The mountains of Japan are full of wild cherry trees, at least where they haven’t been replanted for timber. Most of the year they’re hidden away, but in April suddenly there’s blossom everywhere – some beautiful trees you had no idea of.

One such is just above the entrance to a tunnel on the way back to Nagoya from our country house – a big old cherry that has its moment of glory for a week or two every year. We thought it was our private discovery but a couple of years ago some local friends cleared the trees from the area around it, built some stairs, seats, railings etc and made it into a little park, with an annual hanami party, which we went to a couple of weeks ago.

the teahouse is gone...

Apparently this isn’t a wild cherry after all – it has some history.
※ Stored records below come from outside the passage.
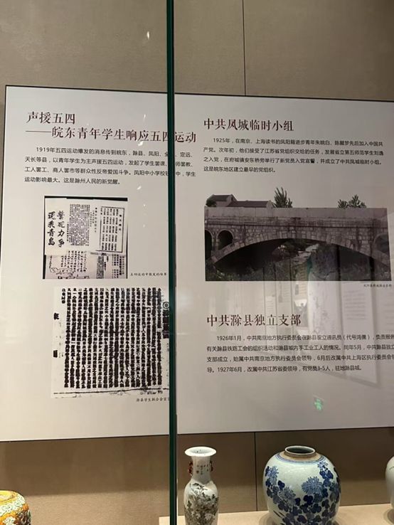“中共早期活動(dòng)” 展板,講述了滁州傳播馬克思主義、建立黨組織的歷程,從中共鳳城臨時(shí)小組到滁縣獨(dú)立支部,革命火種在這片土地逐漸燃起 。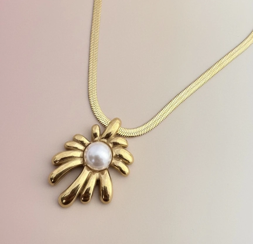 DETAILS:Base Metal: Stainless SteelPlating: 18k Gold ToneSub Type: NecklaceClosure Type: Lobster ClawNet Quantity: 1Type of Stone: PearlStone Color: WhiteNo of Stones: 1DIMENSIONS:Length: 39 cmWeight: 5.07 gm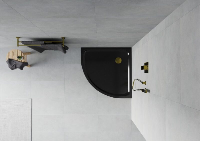 Domovská stránka » Katalóg » MEXEN/S – Flat sprchová vanička štvrťkruhová slim 90 x 90, černá + zlatý sifón 41709090G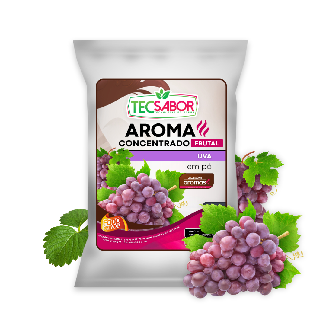 Aroma Idêntico ao Natural Uva em Pó (AIN) - Oferece o sabor clássico e marcante da uva em uma versão concentrada, prática e versátil. Garante intensidade mesmo em pequenas quantidades, ideal para industria de alimentos, sorvetes, bebidas, balas, sucos, laticinios, panificação, confeitaria, doces, chocolates, pipocas gourmet, snacks, condimentos, temperos.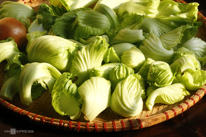 Dưa cải thường ngấm mặn nhiều hơn cà pháo vì thế nước muối dưa cải pha nhạt hơn muối cà.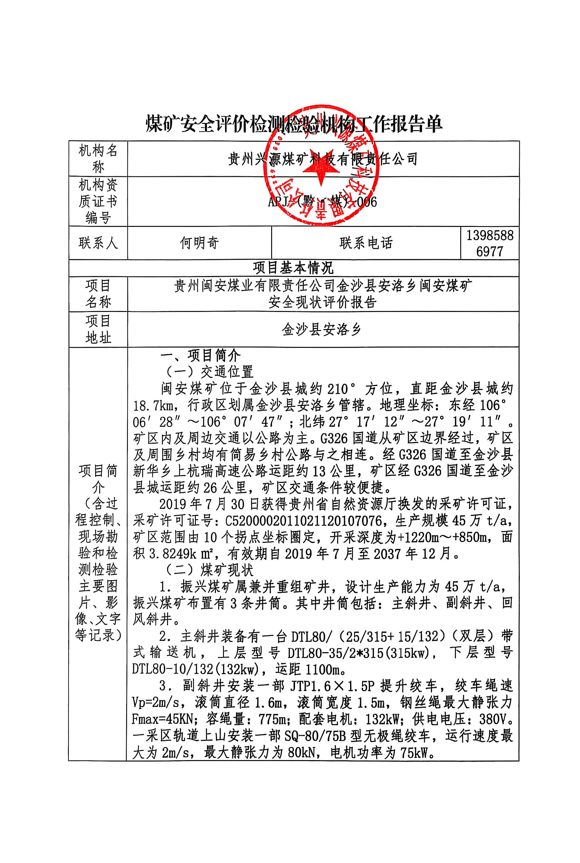 煤礦安全評(píng)價(jià)檢測(cè)檢驗(yàn)機(jī)構(gòu)工作報(bào)告單【貴州閩安煤業(yè)有限責(zé)任公司金沙縣安洛鄉(xiāng)閩安煤礦安全現(xiàn)狀評(píng)價(jià)報(bào)告】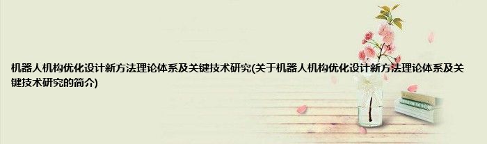 本文关于机器人机构优化设计新方法理论体系及关键技术研究的简介就讲解完毕,希望对大家有所帮助。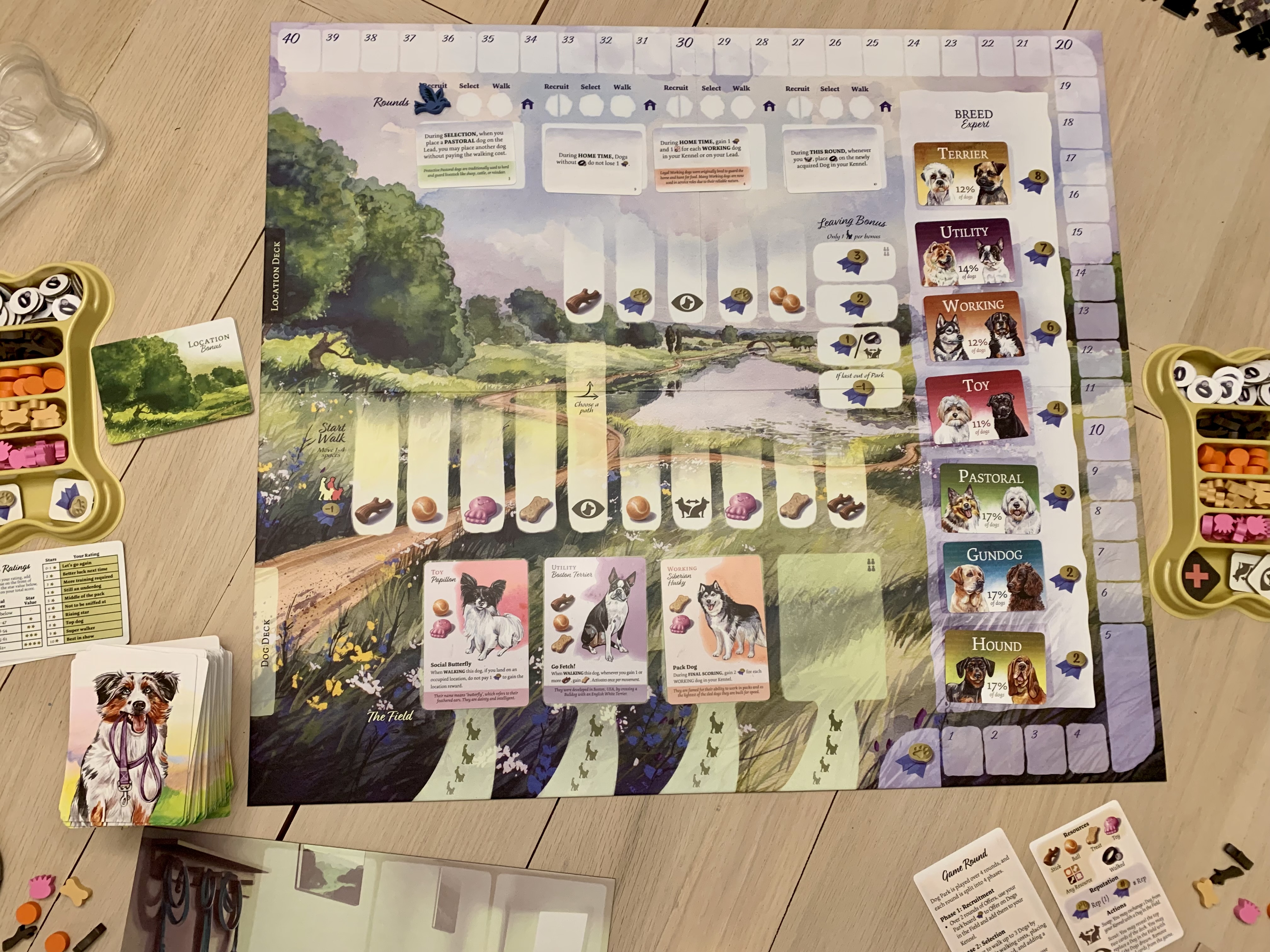 Finally, players will return home and collect two points for every dog they walked. Then, any dogs in their kennel without a walked-token will cost the player a point.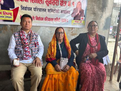 धरान । ९८ वर्षिया तुलसादेवी सापकोटाबाट एमाले उम्मेदवार टीकाराम लिम्बू र समानुपातिक उमेदवार मौसम राईलाई टीका खदा र आशिष् ग्रहण गर्दै नेकपा (एमाले) ले ध ...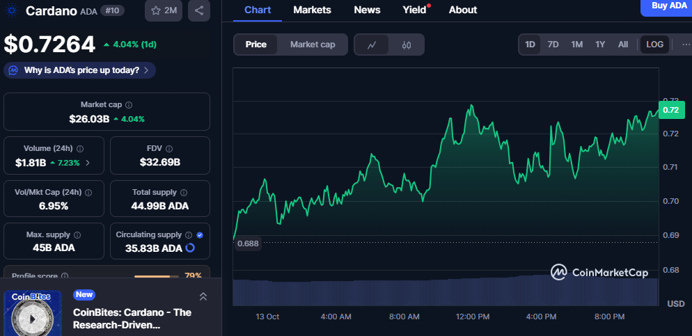 卡尔达诺现价0.7264美元,24小时涨幅4.04%,短期与长期发展态势俱佳,市场信心充足。其市值达260.3亿美元,在大盘市场中保持稳健增长。24小时交易量增长7.23%至18.1亿美元,显示市场参与活跃且流动性持续充沛。
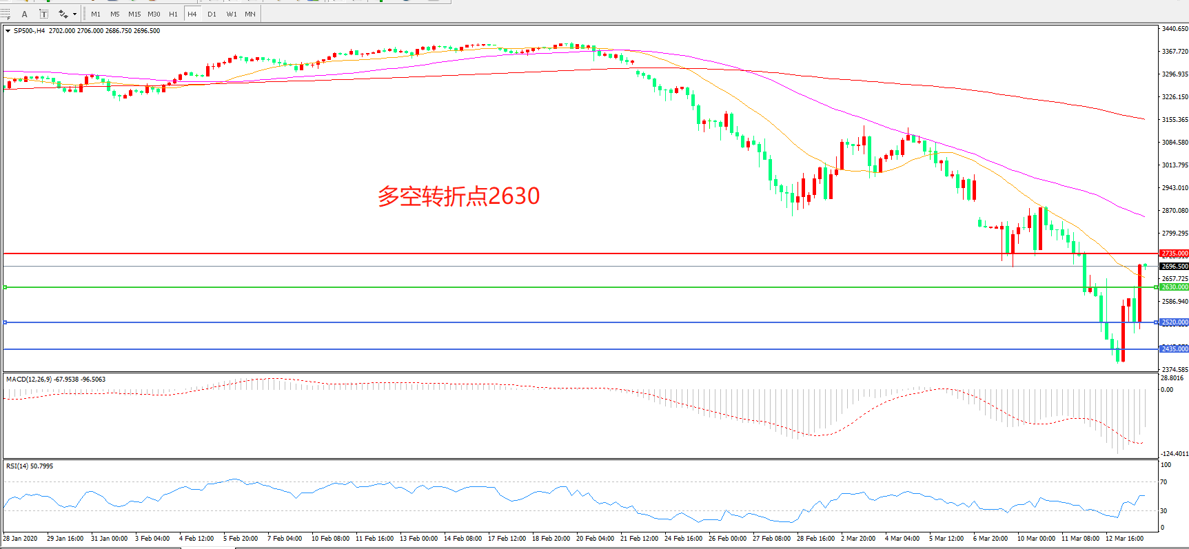 上周,美股经历了史上最疯狂的一周,周内因指数跌幅过大,发生两次熔断,周四即使美联储紧急宣布高达1.5万亿美元的“救市”措施,但依然未能在当天止住跌势,但在周五,随着特朗普宣布推出一系列应对新冠疫情措施,缓解了部分担忧情绪,市场又在当天盘尾出现报复性拉涨,当天三大股指涨幅接近10%,标普500暴涨后,收报2696.50点。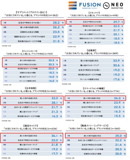 一方で、「動画ストリーミングサービス」「通信キャリア」「クレジットカード」といった無形商材の全てにおいて「困った時の迅速な対応」がトップとなっていました。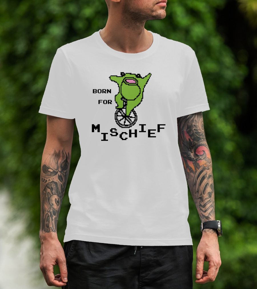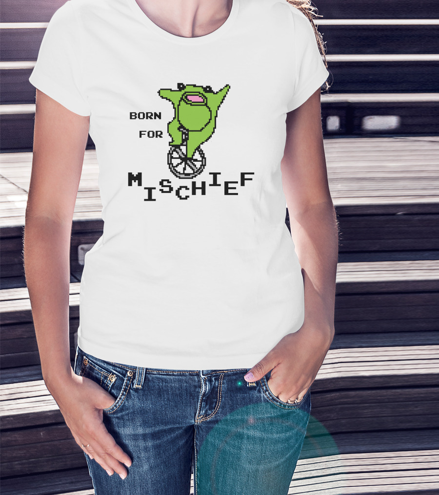 The Born For Mischief Frog on Unicycle T-shirt is designed for everyday wear and a consistent fit. Fabric is pre-shrunk ring-spun cotton with durable stitching. See the size chart below for exact measurements.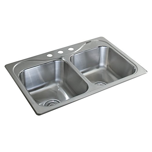 Sterling 11850-3-NA Southhaven 33-inch by 22-inch Top-mount Double Equal Bowl Kitchen Sink, Stainless Steel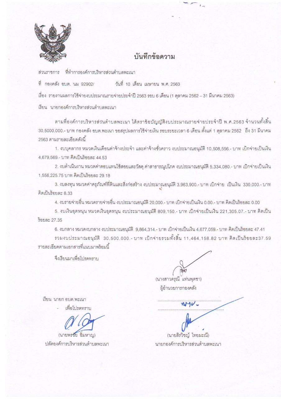 รายงานผลการใช้จ่ายเงินประจำปีงบประมาณ 2563 รอบระยะเวลา 6 เดือน ตั้งแต่วันที่ 1 ตุลาคม 2562-31 มีนาคม 2563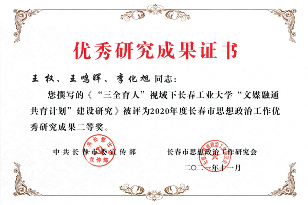 本网讯(通讯员 李化旭)近日,中共长春市委宣传部、长春市思想政治工作研究会下发《关于表彰2020年度长春市思想政治工作优秀研究单位和优秀研究成果的决定》,由马克思主义公司党委副书记王权主持撰写的《“三全育人”视域下388vip太阳集团“文媒融通共育计划”建设研究》荣获二等奖。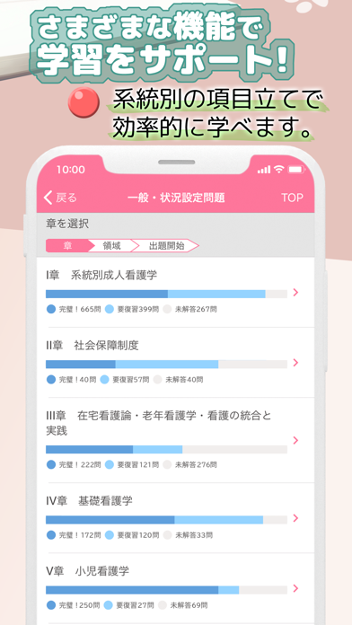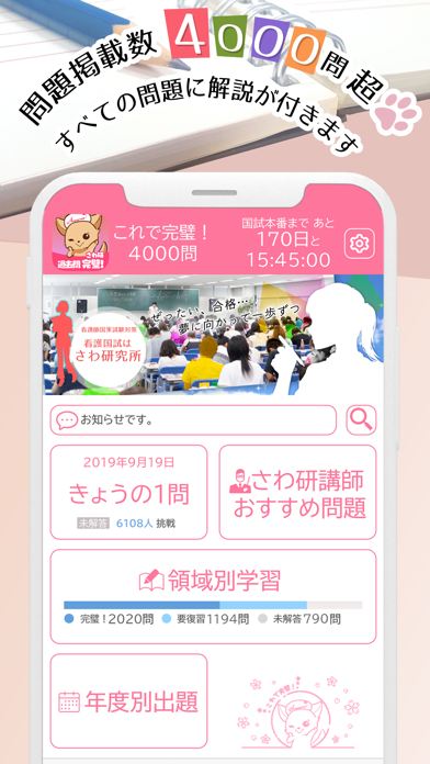 - 看護師国家試験のための学習ができるアプリ。多彩な出題方法で解答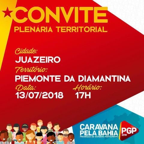 As plenárias territoriais vão passar pelos 27 territórios de identidade do estado, mas todos podem participar da construção do PGP através da internet. Pelo site www.pgpbahia.com.br, é possível cadastrar propostas em diversas áreas, a exemplo de educação, segurança, infraestrutura e emprego. Nos dois encontros já realizados, Rui Costa estimulou a militância a criar grupos digitais de debate sobre demandas regionais para que sejam apresentados às coordenações dos territórios de identidade nas próximas reuniões.
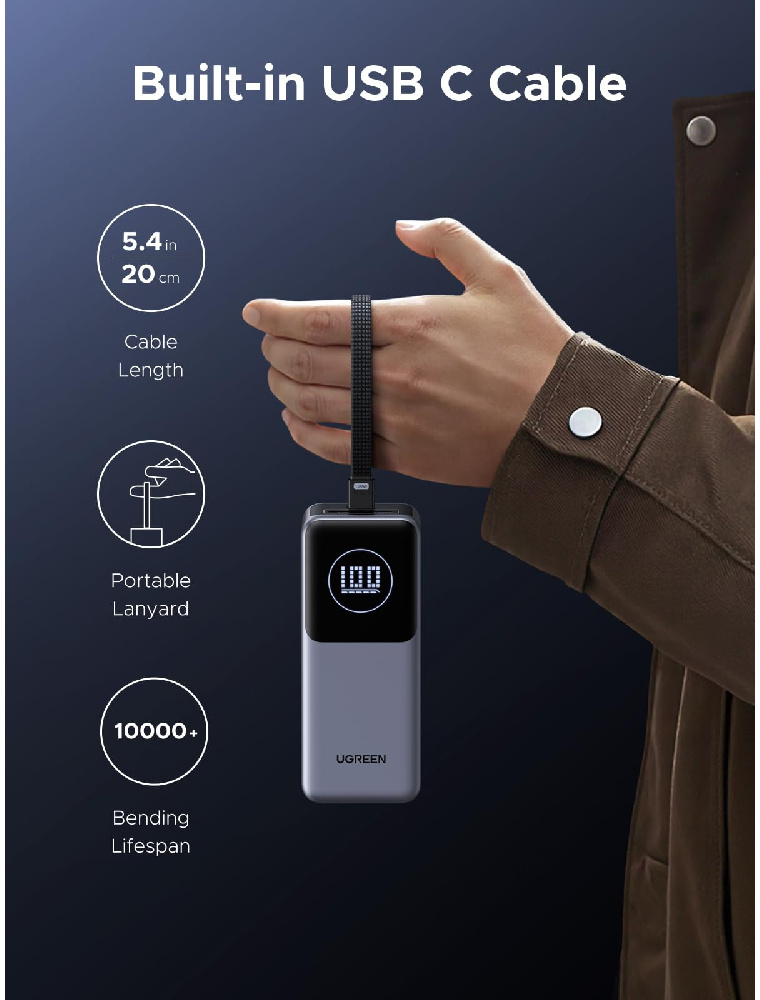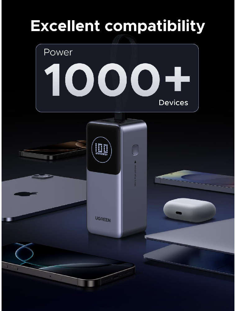 Ugreen PB723 — це оптимальний вибір для тих, хто хоче отримати максимум від портативного живлення. Вбудований кабель, висока потужність, швидка зарядка й надійні елементи роблять його одним із найкращих рішень у своєму класі для щоденного використання та подорожей.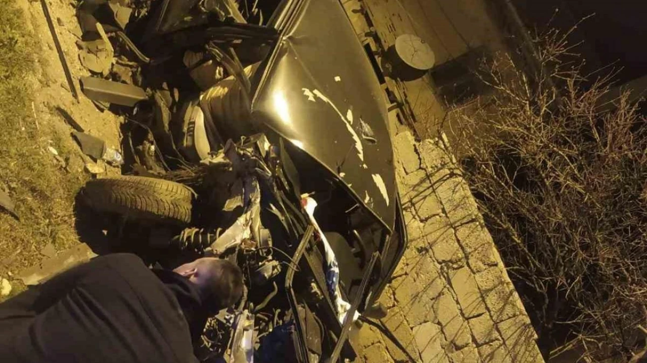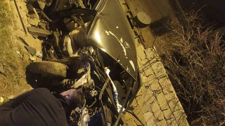 Alkollü sürücü direğe çarptı, Tofaş otomobil hurdaya döndü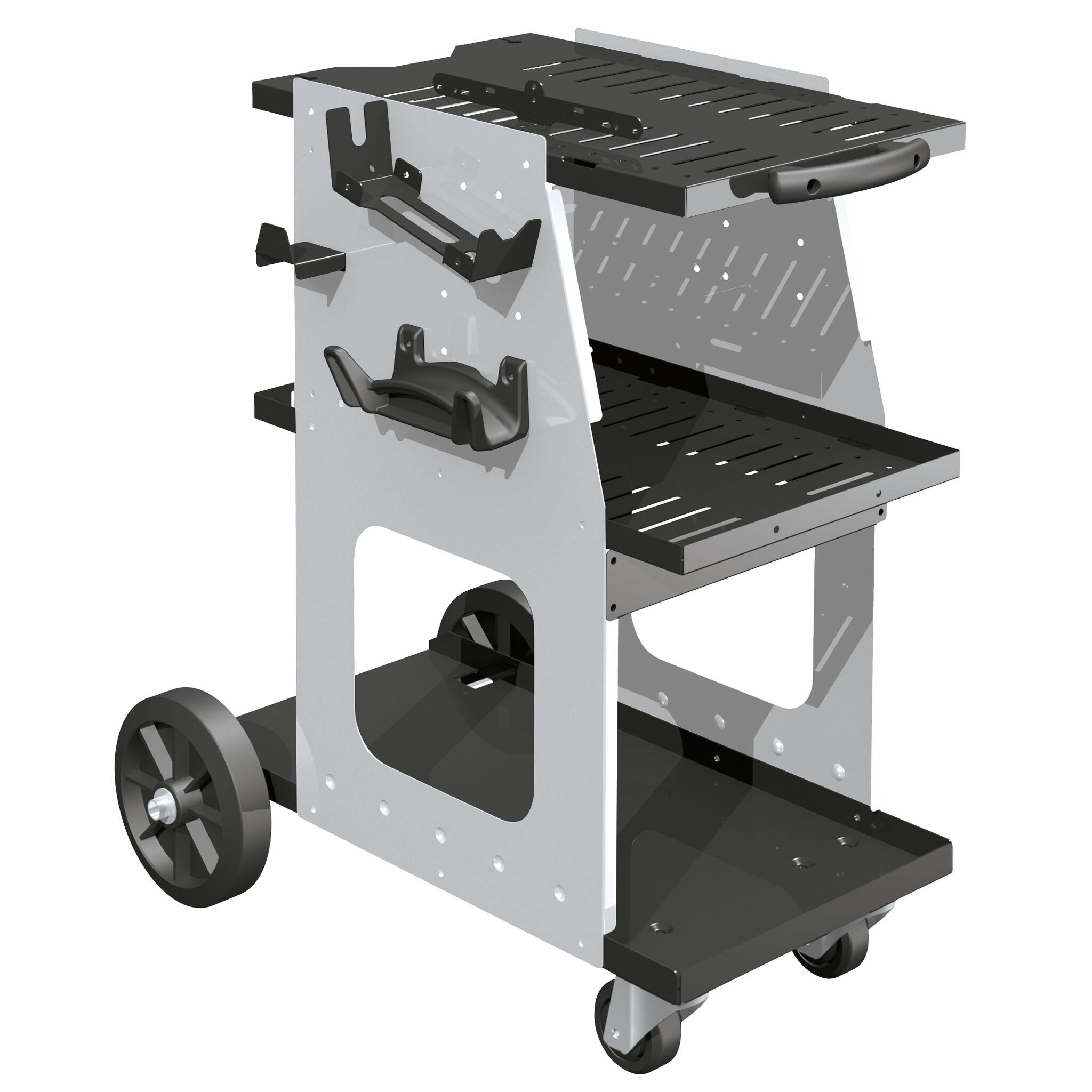 Praktisk vogn for oppbevaring av sveisemaskin, gassflaske med mer.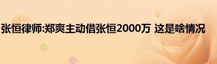 张恒律师:郑爽主动借张恒2000万 这是啥情况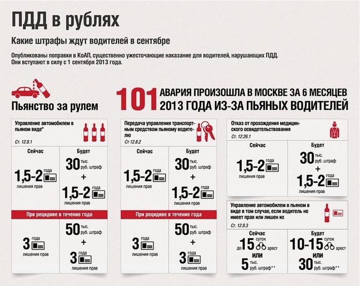 Ни намека на послабления: превышение до 20 км/ч теперь ненаказуемо; маневр без сигнала поворота - не просто 500 (как в картинках), а "предупреждение или 500" ну и тд. Чувствуется "журналистско-пропагандистский" подход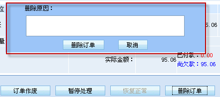 此外,對于訂單作廢、訂單暫停處理\恢復(fù)正常、刪除訂單等在訂單處理過程中的關(guān)鍵操作步驟,在執(zhí)行操作前還必須錄入操作原因,如作廢原因、暫停處理原因、刪除訂單原因等,以進(jìn)一步確保該訂單得到安全妥善的處理。(圖2、3)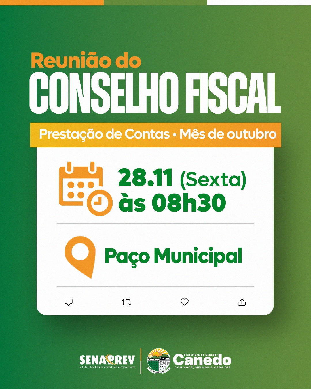 Informamos que a reunião referente à prestação de contas do mês de outubro será realizada nesta sexta-feira, dia 28/11, às 08h30, no Paço Municipal.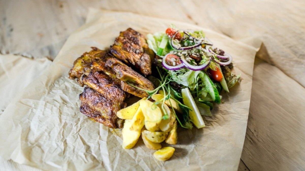 Šonkauliukai glazūruoti su BBQ padažu, patiekiami su šviežiomis daržovėmis ir bulvių skiltelėmis

Before that tunnel was built the road used to wind through a pass over some hills above it, right past that tree. There used to be a tea house at the pass, and the cherry was planted outside. It’s now some 300 years old, and the tea house is long gone, but, with a little treatment from a tree doctor, now looks set for a good few years more. From that spot, if it’s a clear day, you can get a beautiful view of Mount Ontake, the holy mountain, so a local politician gave the tree the name Takemi Zakura “mount-viewing cherry” – fair enough, though most people had been calling it the cherry on the pass or something like that…

Check the prices.

It’s still a fairly quiet local type of event, but elsewhere in Gifu there are some famous sakura that attract hundreds of visitors, so maybe ours will be one of those some day. Meanwhile they sell beer and yakitori at more or less cost price just so people will come. Weather was less than perfect this year, but on a sunny day it’s a very nice way to spend an afternoon or evening.